_TASK DATA_:
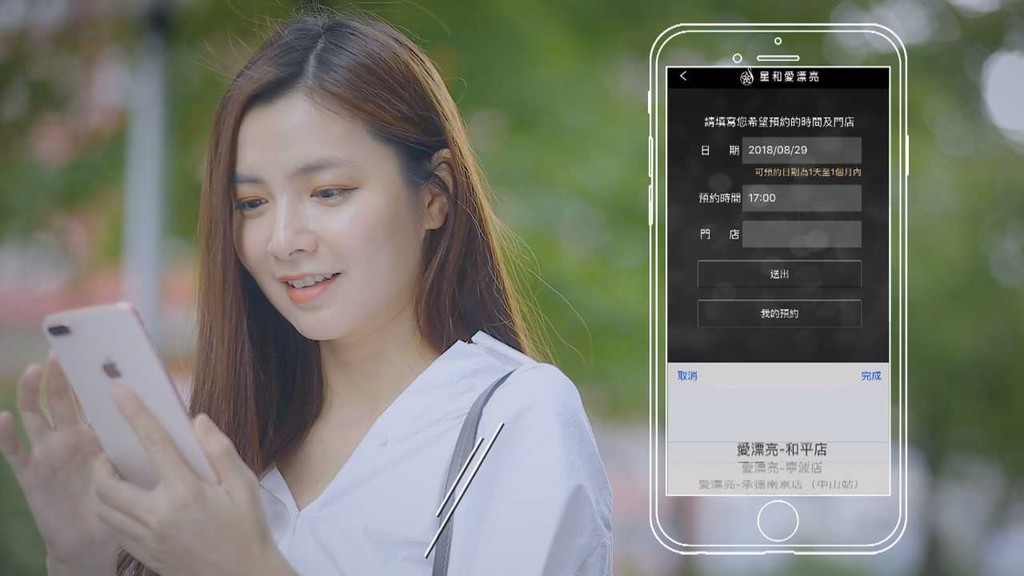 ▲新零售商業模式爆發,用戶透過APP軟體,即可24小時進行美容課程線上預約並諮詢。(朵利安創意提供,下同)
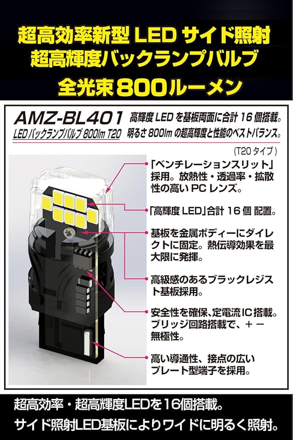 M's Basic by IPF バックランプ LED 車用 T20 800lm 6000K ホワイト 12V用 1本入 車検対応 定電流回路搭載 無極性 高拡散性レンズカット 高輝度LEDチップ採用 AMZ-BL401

...

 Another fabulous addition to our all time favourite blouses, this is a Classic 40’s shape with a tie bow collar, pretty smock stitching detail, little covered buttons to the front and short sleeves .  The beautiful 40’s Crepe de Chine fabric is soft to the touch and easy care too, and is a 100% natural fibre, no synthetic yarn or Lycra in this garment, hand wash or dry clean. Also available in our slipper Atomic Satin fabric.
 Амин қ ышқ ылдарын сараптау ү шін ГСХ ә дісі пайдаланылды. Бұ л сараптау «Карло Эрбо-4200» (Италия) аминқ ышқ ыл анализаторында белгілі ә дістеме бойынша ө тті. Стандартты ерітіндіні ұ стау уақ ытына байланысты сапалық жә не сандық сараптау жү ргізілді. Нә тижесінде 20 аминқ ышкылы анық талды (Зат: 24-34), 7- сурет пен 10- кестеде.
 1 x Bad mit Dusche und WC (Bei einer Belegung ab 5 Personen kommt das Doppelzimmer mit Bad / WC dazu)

_YOUR GOAL_: In the entries above, the lines between the one holding "Амин қ ышқ ылдарын" and the one holding "1 x Bad mit", inclusive, are to be printed exactly as written, and those alone.

_YOUR SOLUTION_:
 Амин қ ышқ ылдарын сараптау ү шін ГСХ ә дісі пайдаланылды. Бұ л сараптау «Карло Эрбо-4200» (Италия) аминқ ышқ ыл анализаторында белгілі ә дістеме бойынша ө тті. Стандартты ерітіндіні ұ стау уақ ытына байланысты сапалық жә не сандық сараптау жү ргізілді. Нә тижесінде 20 аминқ ышкылы анық талды (Зат: 24-34), 7- сурет пен 10- кестеде.
 1 x Bad mit Dusche und WC (Bei einer Belegung ab 5 Personen kommt das Doppelzimmer mit Bad / WC dazu)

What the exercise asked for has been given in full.